Hızlı üretim – Seri tüketim: Mc Donalds, Las Vegas ve Çölün Mitosu
Lucky Luciano, Bugsy Siegel ve Frank Castello, Şikago’ya doğru gidiyorlardı. Issız büyük bir araziden geçerken Siegel, Luciano’dan arabayı durdurmasını istedi. Bugs arabadan iner ve yirmi metre ilerideki uçurumun kenarına gider. Orada işerken aşağıdaki ıssız bucaksız ovaya bakar. Büyülenmiş gibidir. Başını çevirip Luciano ve Castello’ya bakar. Onlar arabada kendi aralarında konuşuyorlardır. Bugs Siegel çok heyecanlanmıştır gördüğü manzara karşısında. Ama hiçbir şey demez ve giderler.
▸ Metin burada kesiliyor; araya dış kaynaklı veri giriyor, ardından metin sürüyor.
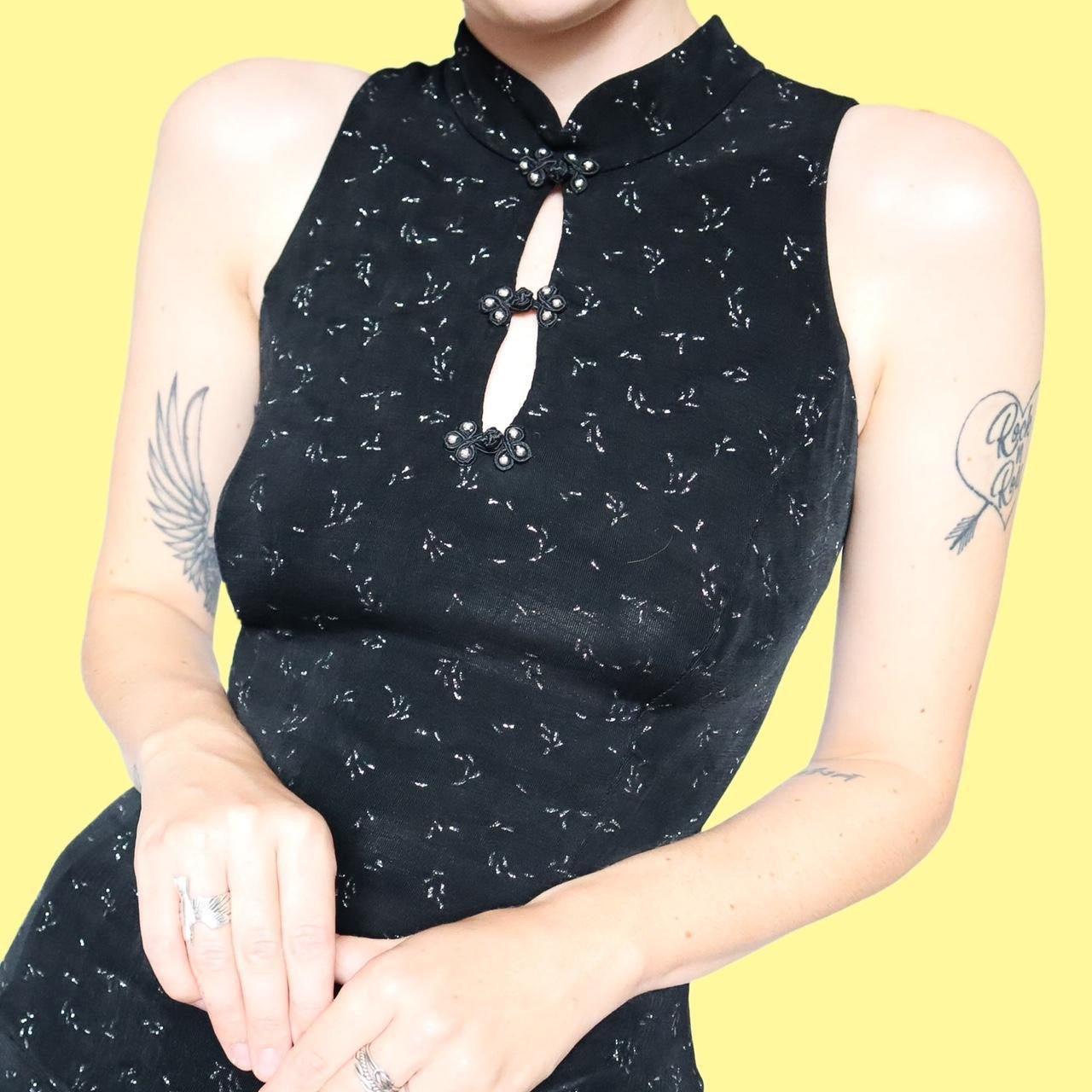 🌹Black stretch midi dress UK 12🌹Chic designer black stretch midi dress with glittery print, a high neck with knot fastenings & a zip up the back🌹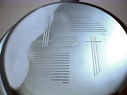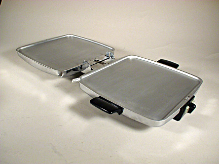 Sunbeam CG Waffle IronIn the mid 1950s, Sunbeam restyled the popular Model W-2 waffle iron and created the sleek, modern looking Model CG. The new model retained the high quality construction of its predecessor. The CG model has near commercial quality components including a sensitive, accurate temperature controller and heavy duty 1250 watt heating elements that can cook acres of waffles in minutes. An easy to see illuminated control dial takes all of the guesswork out of the baking process and frees the cook from squinting at a tiny indicator window. It weighs in at an impressive 11 pounds. Outside dimensions including handles is fourteen inches square and four and a half inches high. Each nine inch square waffle easily breaks into quarters -- the perfect size for storing and freezing, and for quick re-heating in a toaster. Please note that the waffle iron in mint condition is like new and unused but may have some small cosmetic imperfection. Sunbeam Corporation, Chicago, USA, Toronto, Canada

O ıssız çöl, bugün artık kumar cenneti olan Las Vegas’tır. Bugsy Siegel, ıssız bir çölden hayallerinin şehrini yaratmıştır. Bugs, Luciano ve Siegel bütün dünyalarını oraya taşıdılar. İçki kumar cenneti, bir çölden yaratılmıştı. Şikago artık, Dutch Shutz (Sarı Fare)’nindi. Çöl insanlara yeni umutlar vaat eden yapay bir cennetti artık.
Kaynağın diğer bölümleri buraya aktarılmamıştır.